The XX Factor

Soccer Mom or Skankzilla: Which is the Real Paula Broadwell?

Paula Broadwell.

Paula Broadwell.

Photo courtesy Amazon.com.

The battle over the reputation of Paula Broadwell, who had an affair with General David Petraeus, might as well be taking place on some fifteen-year-old’s Facebook page. Each side is painting such an exaggerated portrait of the slut nugget/Florence Nightingale at the center of it that you know you are in the presence of some unreliable narrators. The military men fired the shots over the weekend with their descriptions of Broadwell as a simpering seductress who flashed her bare arms and her 6 minute mile legs at the quivering older man. A “shameless self-promoting prom queen,” said one anonymous military source. A wedding crasher who “got her claws into him.” One general described her as ” seemingly immune to the notion of modesty,” referring not to the affair but to the tight shirts she supposedly wore in Afghanistan.

Now, from a New York Times interview with her mom friends in the Charlotte, N.C. neighborhood where she lives with her husband and two sons we get the opposite Paula Broadwell: radiologist’s wife, serves dinner by candlelight, walks her boys to the bus stop every morning, wears a costume while handing out candy at Halloween. Raises money for wounded soldiers, mentors young girls, sews the wings back on injured birds with her strong and nimble hands. If she did have an affair, insisted her neighbor Ms. Curme, she will surely “figure her way out of this in a really positive way, without destroying anybody.” She will step up and “take accountability, and nurture her family.”
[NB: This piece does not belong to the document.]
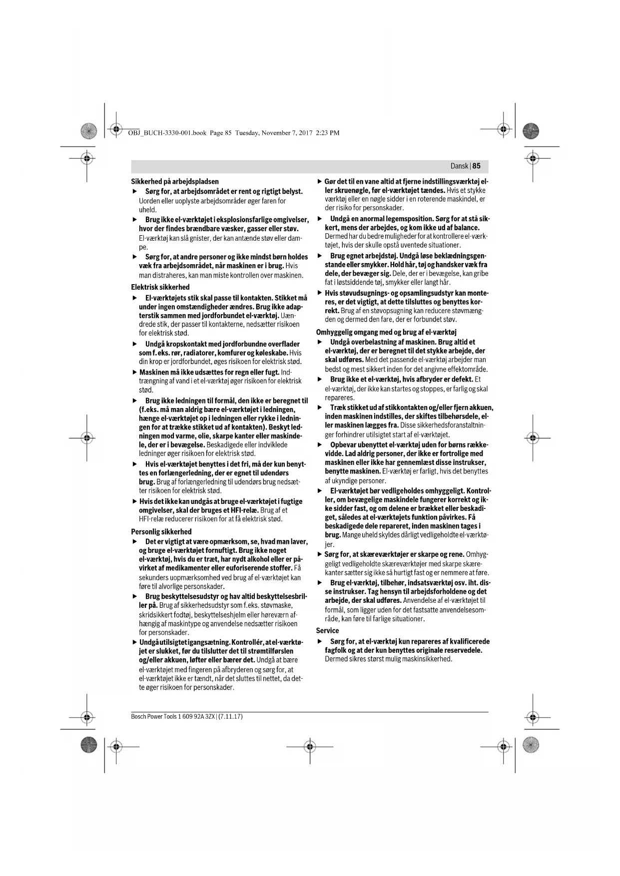 Hvis støvudsugnings- og opsamlingsudstyr kan monte- res, er det vigtigt, at dette tilsluttes og benyttes kor- rekt. Brug af en støvopsugning kan reducere støvmæng- den og dermed den fare, der er forbundet støv. Omhyggelig omgang med og brug af el-værktøj Undgå overbelastning af maskinen. Brug altid et el-værktøj, der er beregnet til det stykke arbejde, der skal udføres. Med det passende el-værktøj arbejder man bedst og mest sikkert inden for det angivne effektområde. Brug ikke et el-værktøj, hvis afbryder er defekt. Et el-værktøj, der ikke kan startes og stoppes, er farlig og skal repareres. Træk stikket ud af stikkontakten og/eller fjern akkuen, inden maskinen indstilles, der skiftes tilbehørsdele, el- ler maskinen lægges fra. Disse sikkerhedsforanstaltnin- ger forhindrer utilsigtet start af el-værktøjet. Opbevar ubenyttet el-værktøj uden for børns række- vidde. Lad aldrig personer, der ikke er fortrolige med maskinen eller ikke har gennemlæst disse instrukser, benytte maskinen. El-værktøj er farligt, hvis det benyttes af ukyndige personer. El-værktøjet bør vedligeholdes omhyggeligt. Kontrol- ler, om bevægelige maskindele fungerer korrekt og ik- ke sidder fast, og om delene er brækket eller beskadi- get, således at el-værktøjets funktion påvirkes. Få beskadigede dele repareret, inden maskinen tages i brug. Mange uheld skyldes dårligt vedligeholdte el-værktø- jer. Sørg for, at skæreværktøjer er skarpe og rene. Omhyg- geligt vedligeholdte skæreværktøjer med skarpe skære- kanter sætter sig ikke så hurtigt fast og er nemmere at føre. Brug el-værktøj, tilbehør, indsatsværktøj osv. iht. dis- se instrukser. Tag hensyn til arbejdsforholdene og det arbejde, der skal udføres. Anvendelse af el-værktøjet til formål, som ligger uden for det fastsatte anvendelsesom- råde, kan føre til farlige situationer. Service Sørg for, at el-værktøj kun repareres af kvalificerede fagfolk og at der kun benyttes originale reservedele. Dermed sikres størst mulig maskinsikkerhed. OBJ_BUCH-3330-001.book Page 85 Tuesday, November 7, 2017 2:23 PM86 | Dansk 1 609 92A 3ZX | (7.11.17) Bosch Power Tools Sikkerhedsinstrukser til vinkelslibere Fælles sikkerhedsinstrukser til slibning, sandpapirslib- ning, arbejde med trådbørster og skærearbejde Dette el-værktøj kan anvendes som sliber, sandpa- pirsliber, trådbørste og skæremaskine. Læs og over- hold alle advarsler, instrukser, illustrationer og data, som du modtager i forbindelse med el-værktøjet. Over- holder du ikke følgende instrukser, kan du få elektrisk stød, der kan opstå brand og/eller du kan blive kvæstet al- vorligt. Dette el-værktøj er ikke egnet til polering. Anvendelse af el-værktøjet til formål, det ikke er beregnet til, er forbun- det med fare og kvæstelsr. Anvend kun tilbehør, hvis det er beregnet til dette el-værktøj og anbefalet af fabrikanten. En mulig fastgø- relse af tilbehøret til el-værktøjet sikrer ikke en sikker an- vendelse. Den tilladte hastighed for indsatsværktøjet skal være mindst lige så høj som den max. hastighed, der er angi- vet på el-værktøjet. Tilbehør, der drejer hurtigere end til- ladt, kan blive ødelagt eller flyve omkring. Indsatsværktøjets udvendige diameter og tykkelse skal svare til målene på dit el-værktøj. Forkert målt ind- satsværktøj kan ikke afskærmes eller kontrolleres tilstræk- keligt. Indsatsværktøj med gevindindsats skal passe nøjagtigt på slibespindlens gevind. Ved indsatsværktøj, der monteres med en flange, skal indsatsværktøjets hul- diameter passe til flangens holdediameter. Indsats- værktøj, der ikke fastgøres nøjagtigt på el-værktøjer, dre- jer ujævnt, vibrerer meget stærkt og kan medføre, at man taber kontrollen. Brug ikke el-værktøjet, hvis det er beskadiget. Kontrol- lér altid før brug indsatsværktøj som f.eks. slibeskiver for afsplintninger og revner, slibebagskiver for revner, slid eller stærkt slid, trådbørster for løse eller brække- de tråde. Tabes el-værktøjet eller indsatsværktøjet på jorden, skal du kontrollere, om det er beskadiget; an- vend evt. et ubeskadiget indsatsværktøj. Når indsats- værktøjet er kontrolleret og indsat, skal du holde dig selv og personer, der befinder sig i nærheden, uden for det niveau, hvor indsastværktøjet roterer, og lade el-værktøjet køre i et minut ved højeste hastighed. Be- skadiget indsatsværktøj brækker for det meste i denne testtid. Brug personligt beskyttelsesudstyr. Brug helmaske til ansigtet, øjenværn eller beskyttelsesbriller, afhængigt af det udførte arbejde. Brug afhængigt af arbejdets art støvmaske, høreværn, beskyttelseshandsker eller spe- cialforklæde, der beskytter dig mod små slibe- og ma- terialepartikler. Øjnene skal beskyttes mod fremmede genstande, der flyver rundt i luften og som opstår i forbin- delse med forskelligt arbejde. Støv- eller åndedrætsmaske skal filtrere det støv, der opstår under arbejdet. Udsættes du for høj støj i længere tid, kan du lide høretab. Sørg for tilstrækkelig afstand til andre personer under arbejdet. Enhver, der betræder arbejdsområdet, skal bruge personligt beskyttelsesudstyr. Brudstykker fra emnet eller brækket indsatsværktøj kan flyve væk og føre til kvæstelser også uden for det direkte arbejdsområde. Hold altid maskinen i de isolerede gribeflader, når du udfører arbejde, hvor indsatsværktøjet kan ramme bø- jede strømledninger eller maskinens eget kabel. Kon- takt med en spændingsførende ledning kan også sætte ma- skinens metaldele under spænding, hvilket kan føre til elektrisk stød. Hold netkablet væk fra roterende indsatsværktøj. Ta- ber du kontrollen over el-værktøjet, kan netkablet skæres over eller rammes, og din hånd eller din arm kan trækkes ind i det roterende indsatsværktøj. Læg aldrig el-værktøjet til side, før indsatsværktøjet står helt stille. Det roterende indsatsværktøj kan komme i kon

Which one is she, slutty witch or good witch? Which is the real Paula Broadwell? Such are the unsophisticated questions the nation always asks itself about women at the center of sex scandals, just as if we all had never met anyone who has had an affair or read about such a thing in a novel, and did not understand that these situations are often complicated. Is it possible that Paula Broadwell walked her two sons to the bus stop  and then went home and wrote threatening e-mails to another woman who was or wasn’t also having some kind of relationship with Petraeus? Possible and in fact probable.  Not all mistresses come in cartoonishly mistress-like packages such as, say, Rielle Hunter.

Broadwell was a prom queen and did a stint with Black Ops. She seemed fiendishly ambitious but then spoke honestly about her “inability to balance work and family” and how it changed her life.  She wrote a book that was largely described as a “valentine” to Petraeus and then made fun of herself for doing that, telling Jon Stewart that her subject could “turn water into bottled water.” It’s painful in the Stewart clip to watch her straining to portray what was clearly extraordinary and unusual access to General Petraeus as perfectly ordinary. That said, her jokes about her husband’s advice to her on how to sell more books seem genuine and affectionate.

I have no idea what happened between those two and I suspect I never will, unless Broadwell decides to write a book about it. In the meantime, I wish my mistress archetypes were a little more creative and true to life.